Building a vertical garden arch is not complicated or expensive. If you live on a farm or have access to old storage buildings, you probably already have the supplies you need.

Materials Needed

  • Some type of cattle panel or metal wire
  • Zip ties
  • Metal poles
  • T Post Driver (optional)


The best way to get the metal poles securely in the ground is to use a T-post driver. It’s not necessary but it does make the job easier. If you don’t have a post driver, you can use a hammer or mallet. The T-posts are the strongest poles that are perfect for the vertical arch but you can use any type of pole that is strong enough to support the cattle panels or wireframes.

Decide how far apart you want to space your archway and plant your posts.

Once you have the posts in place, simply attach one side of the cattle panel to the first side of the posts and then bend it over to form the vertical arch. If your panels aren’t long enough to make a complete arch, you can use other smaller pieces to complete the side panels.

Use multiple zip ties to attach your panels to the posts.

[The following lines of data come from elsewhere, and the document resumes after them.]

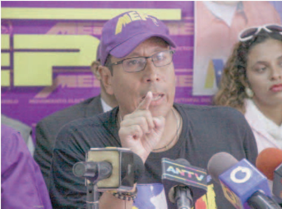
El MEP considera que debe haber “eficiencia o nada”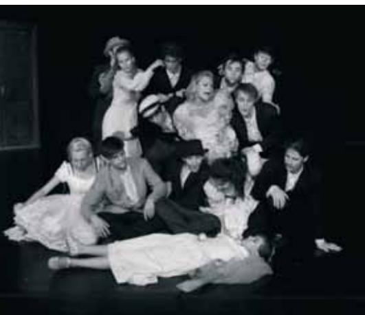
PILLANATKÉP AZ ÁLOMEVŐK CÍMŰ ELŐADÁSBÓL

rendelkezésre állt a személyzet is, hiszen számos olyan ember akadt Sitkén, aki tudott hegedülni, citerázni, cimbalmozni, így zenés darab színrevitelére is lehetőség nyílt. Fűtetlen teremben próbáltunk, színpad nélkül, mégis lelkesen. 1980 nyarán a sárvári művelődési központban kaptunk helyet a próbákra, ekkor készült el az első produkciónk, a Ludas Matyi , de ez még nem került közönség elé. Az első bemutatónk Labiche: Ilyen a világ című darabja volt, 1980 szilveszterén. A Sitkei Színkör első, zsűri elé került produkciója 1982-ben született. Ekkor már némi sárvári és gércei kitérdő után újra Sitkén volt a székhelyünk. Hosszú időn keresztül (1985-ig) úgy működtünk, mint egy átlagos falusi csoport, létrehoztunk egy darabot, kétszer-háromszor eljátszottuk, és újabbá fogtunk. 1986 volt az az év, amikor az addigi tapasztalatok, élmények alapján tudatára ébredtünk, hogy nem lehet tovább időtöltésként felfogni a színjátszást. Ettől kezdve hatékonyabban, szervezettebben, nagyobb előadásszámmal és immár két – gyermek- és felnőtt – tagozattal folytattuk tovább. Szintén '86-ban határoztunk úgy, hogy egyesületi formában szeretnénk működni, ez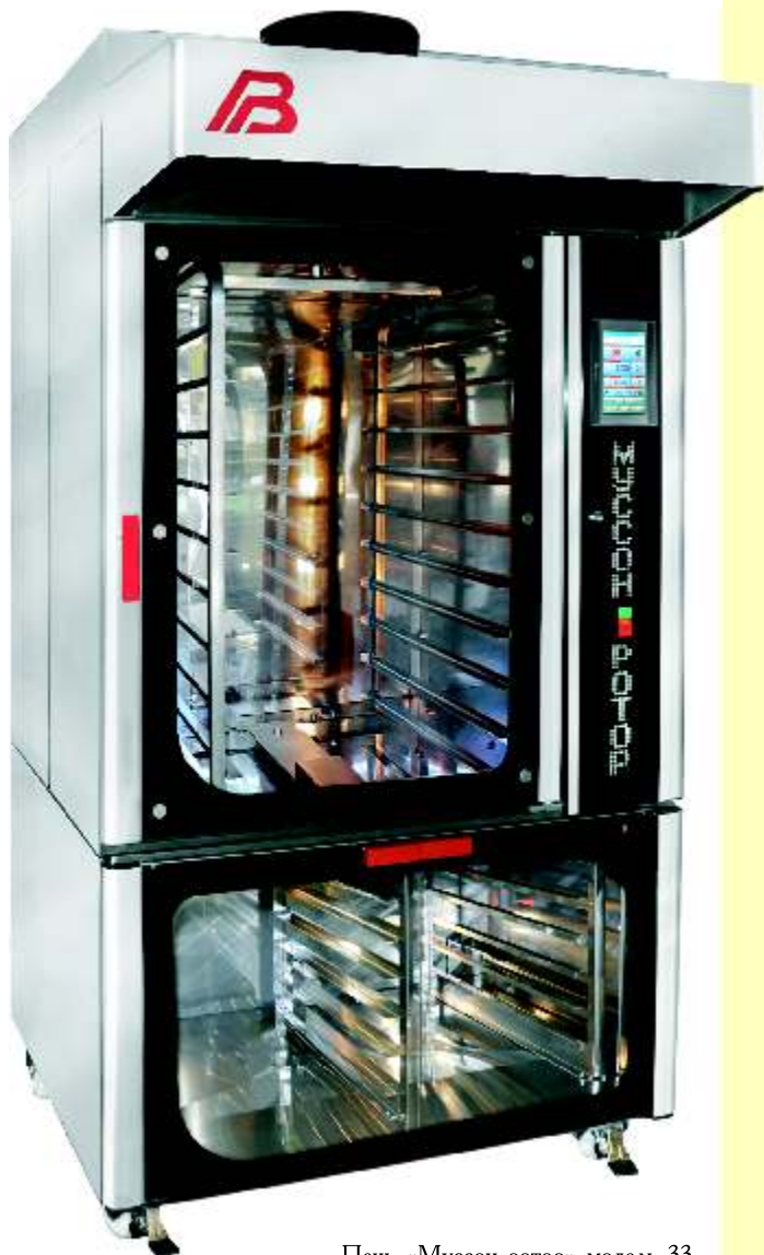
Печь «Муссон-ротатор» модель 33 и расстойный шкаф «Бриз» модель 33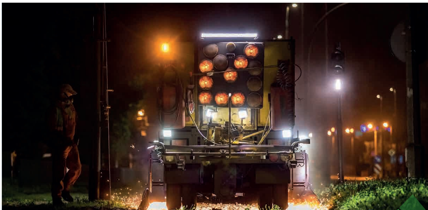
Nocne szlifowanie torowiska tramwajowego - ulica Bronowicka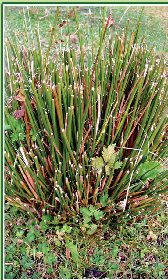
Lav ranunkel har her etableret sig og fået mulighed for at blomstre i en tue af lysesiv.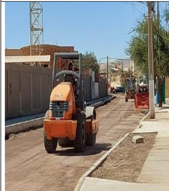
Fotografía N° 3: de fecha 11 de enero de 2023: Rodillo compactador sin patente, ubicado calle Libertad entre Arica y Pisagua.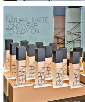
●自然霧光持久粉底液系列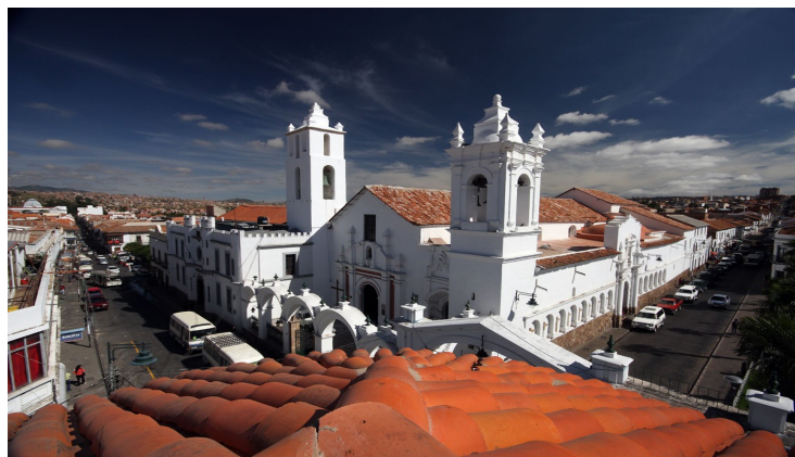
Історична частина міста Сукре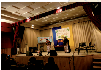
Nappali Ellátás dolgozói

A 2013. október 4. napján az Ady Endre Művelődési Házban a TALENT Tehetségkutató Énekstúdió és a NAPRAFORGÓ Idősök Klubja által nyújtott színvonalas előadást ezúton is köszönjük az előadónak.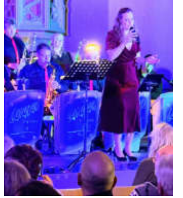
Die Caravan Big Band begeisterte in der Katharinenkirche.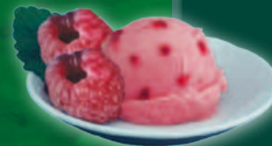
Zmeur 2,3 l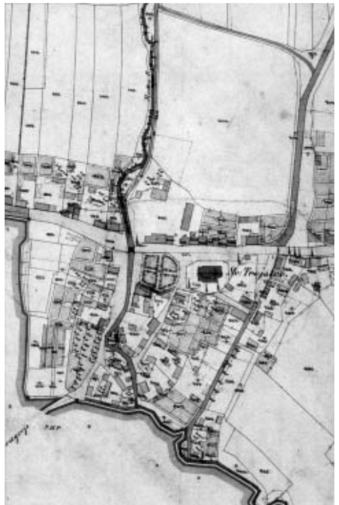
Donja Stubica, katastarska karta iz 1861. g. (Hrvatski državni arhiv u Zagrebu, Kartografska zbirka).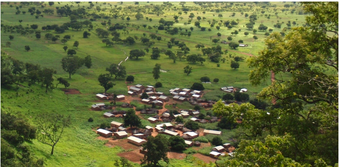
Vue d'un village au Bénin

Pour lutter contre le changement climatique, chaque geste compte. C'est valable pour les organisations humaines, États, entreprises, ONG, Églises ; c'est valable pour les individus. Le Défap a ainsi mis en place une stratégie ambitieuse de réduction de ses émissions de CO2 et de compensation carbone. Et vous, que ferez-vous pour le climat ? Pourquoi ne pas vous associer aux projets portés par le Défap par un don, et contribuer ainsi à réduire votre propre empreinte carbone ? Vous pourrez par la même occasion vous engager pour plus de justice climatique, en finançant un projet bon pour l'environnement, et bon pour les populations concernées. Présentation avec Maëlle NKOT, notre Chargée de projets.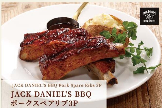
JACK DANIEL'S BBQ Pork Spare Ribs 3P JACK DANIEL'S BBQ ポークスペアリブ3P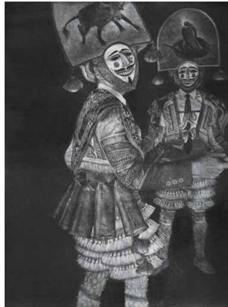
ENTROIDO, 2017 (mezzotinta 27.5 x 20.5)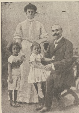
א שפאנע-וויבעאמטען טראכטען: דער רעווענאציע אפיצאל טרעפן און זיין אפולע.

ס'האט זיך אבער באלד אריינגעווען. אז די נעלינגער האבען רעכט. אין די לעצטע חרשים האט מען אין דער נענענדי פון מענטשן עספארט נעשפארט נוינג ערשטערנען פון דער ערד. ס'איז וואו אבער אזו פארנעמען א צעמלעך שטארקע צושטרענג פון און מענטשן נאט. וועלכע האט זיך בעוועגט דעם העלען נעשפארט אין דער נישט שטרענג שפאנע, וועלכע ס'זאל האט א נאמען נעלינגען. קעניגער-לעגאצאציע, צו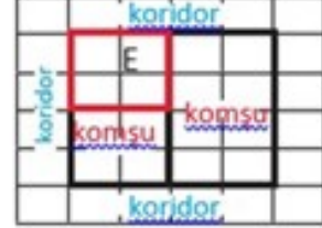
Örnek Çizim - Bitişik Stantlar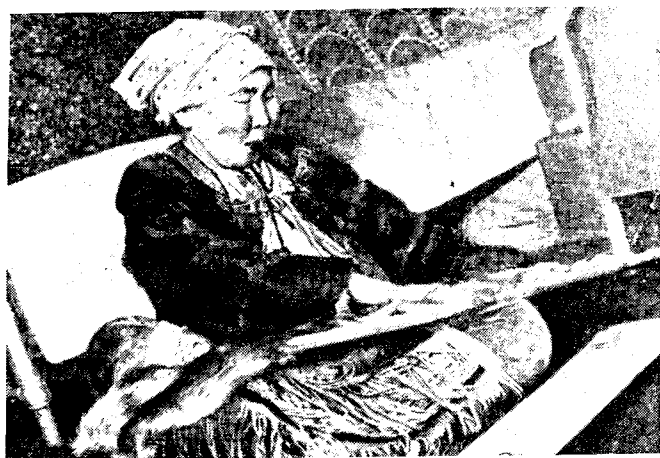
Рис. 2. Мастерница по изготовлению лыж для охотников, село Аянка

Не вдаваясь в описание переустройства всех отраслей промыслового хозяйства, отметим, что характерной особенностью современного этапа развития экономики народов Севера, отличавшейся еще недавно крайней отсталостью, является интенсификация всего северного сельскохозяйственного производства.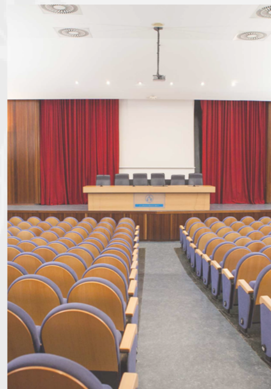
Salón de Actos Joan Fuster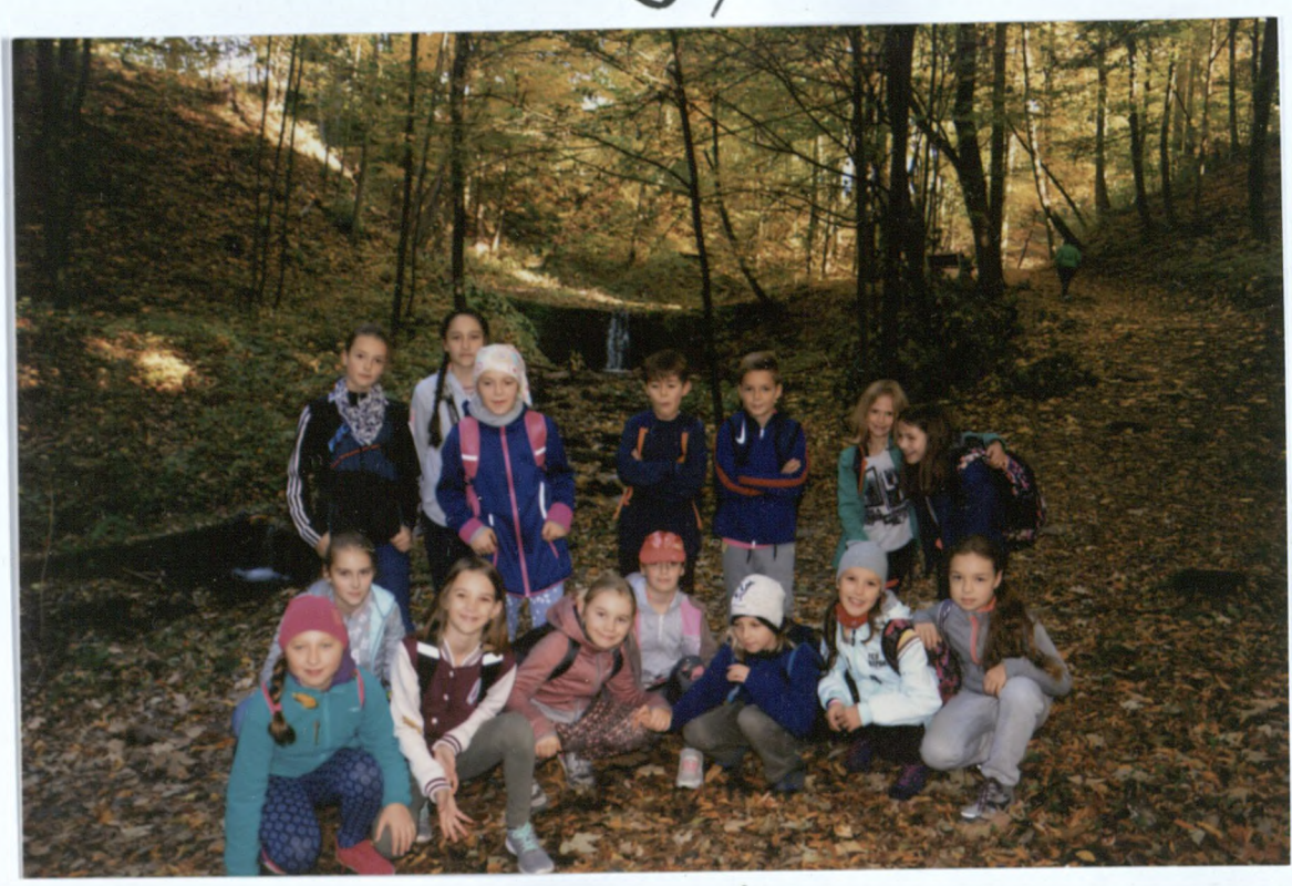
RAJD SZLAKIEM „ZRODLANYM”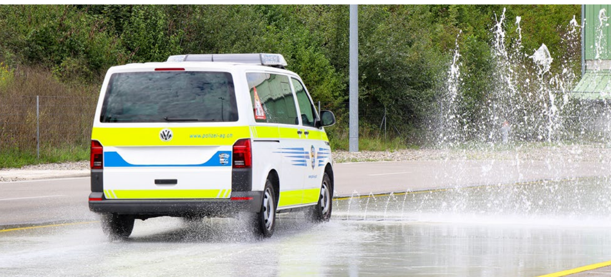
Die Polizei kommt am Weiterbildungskurs auf der Fahranlage im TCS Fahrzentrum Frick ins Schleudern.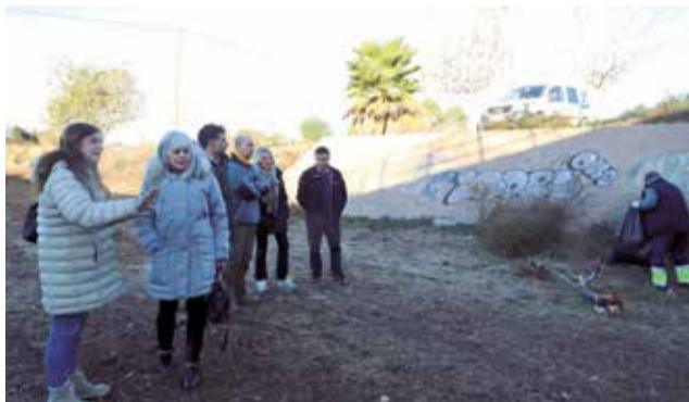
Visita a los trabajos del canal del Carraixet.

Este canal artificial forma parte del desvío de las aguas pluviales al barranco del Carraixet, que se ejecutó en los años 80, como protección de inundaciones al casco urbano, de ahí el interés del Consistorio por su limpieza. “Vamos a seguir reivindicando y exigiendo a los organismos supranacionales la correcta adecuación de las infraestructuras hidráulicas de Bétera”, ha subrayado la primera edil.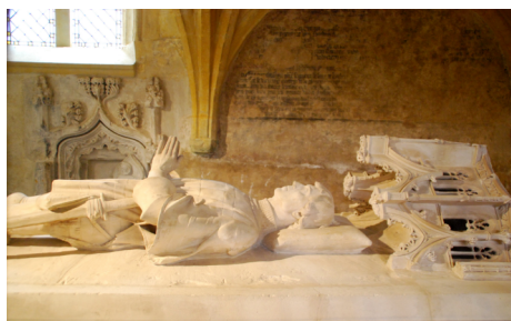
La Kuŝo-statuo de Chaources

La preĝejo Sankta Sylvestre kies konstruo datiĝas de 1080. Ĝi estas romanika kaj havas imponan sonorturilon, malregule aĵuritan. En la kapelo Sankta Anne oni malkovras la kuŝo-statuon.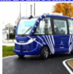
Express le cadre est fixé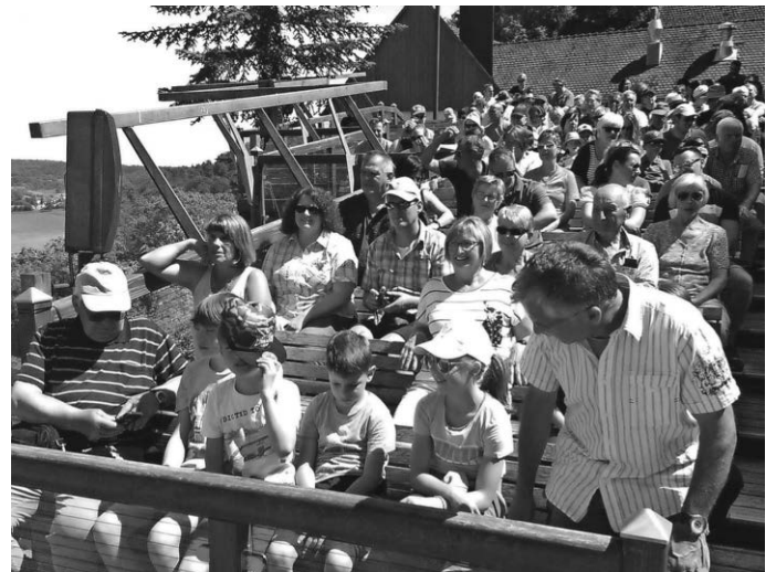
Warten auf die Flug-Schau auf der Burg Guttenberg

14. Juni Einkehr-Schwung 22./23. Juni Fernwanderung 30. Juni Familienwanderung Unterkirnach 4. Juli Ausschuss-Sitzung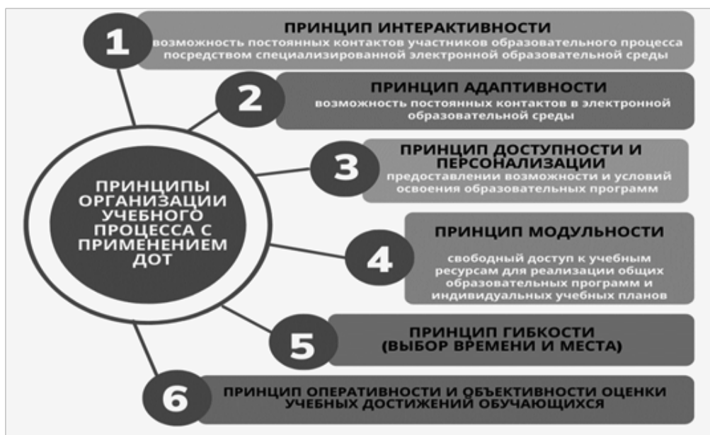
Рис. 2. Принципы организации образования с применением ДОТ

международной и междисциплинарной базой данных, доступной для поиска и публикации научной литературы. База данных Scopus стала с одной стороны хорошей альтернативой для ученых, а с другой конкурентом для WoS. Многие авторы сравнивают системы по качественным и количественным величинам, а именно происхождение, цитирование, особенности поиска, работы в самой системе, импакт-фактор и h-индекс и других [29].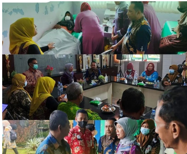
Pelayanan KB Pasca Salin bersama tim BKKBN RI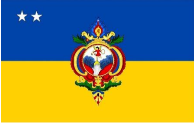
IMAGEN DE BANDERA DE AMDC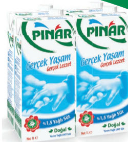
%1,5 Yarım Yağlı Süt 4 x 1 L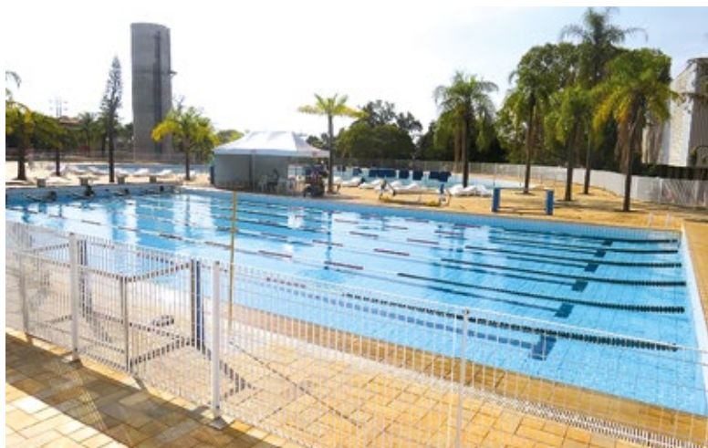
Piscina do Sesi Ribeirão Preto

Evento para toda a família está marcado para 13 de abril, sábado, no Sesi Ribeirão Preto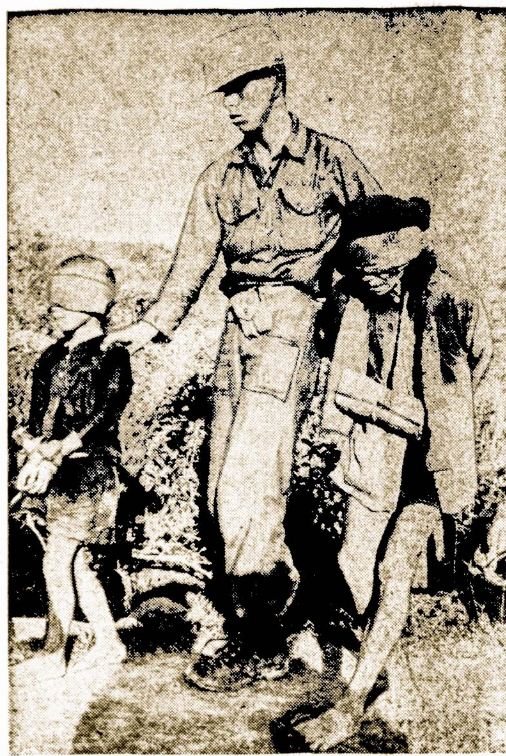
JAV marinai veda Vietnamie iš komunistinės dalies senelį ir jo vaikaitį, pagautus netoli Da Nang bazės. Jie bus apklausinėjami, ar neturėjo kokių ryšių su komunistiniais banditais.

Be pinigų galima apsieiti: tik nebus lengva surasti draugų.

*The panels are pretty stiff so it may be easier to have a second person hold the panels while you attach them with the zip ties.

Now that I have my first vertical arch created, I think I’m going to expand and use some other pieces from the barn. I can’t wait to get my green beans and cucumbers growing the trellises. I’m even thinking about growing lettuce or brussel sprouts in the shaded areas under the arch.

Now I just have to wait till it’s warm enough to get the ground ready for planting. Have you ever used vertical arches like this? Got any tips for a great growing season? I’d love to hear!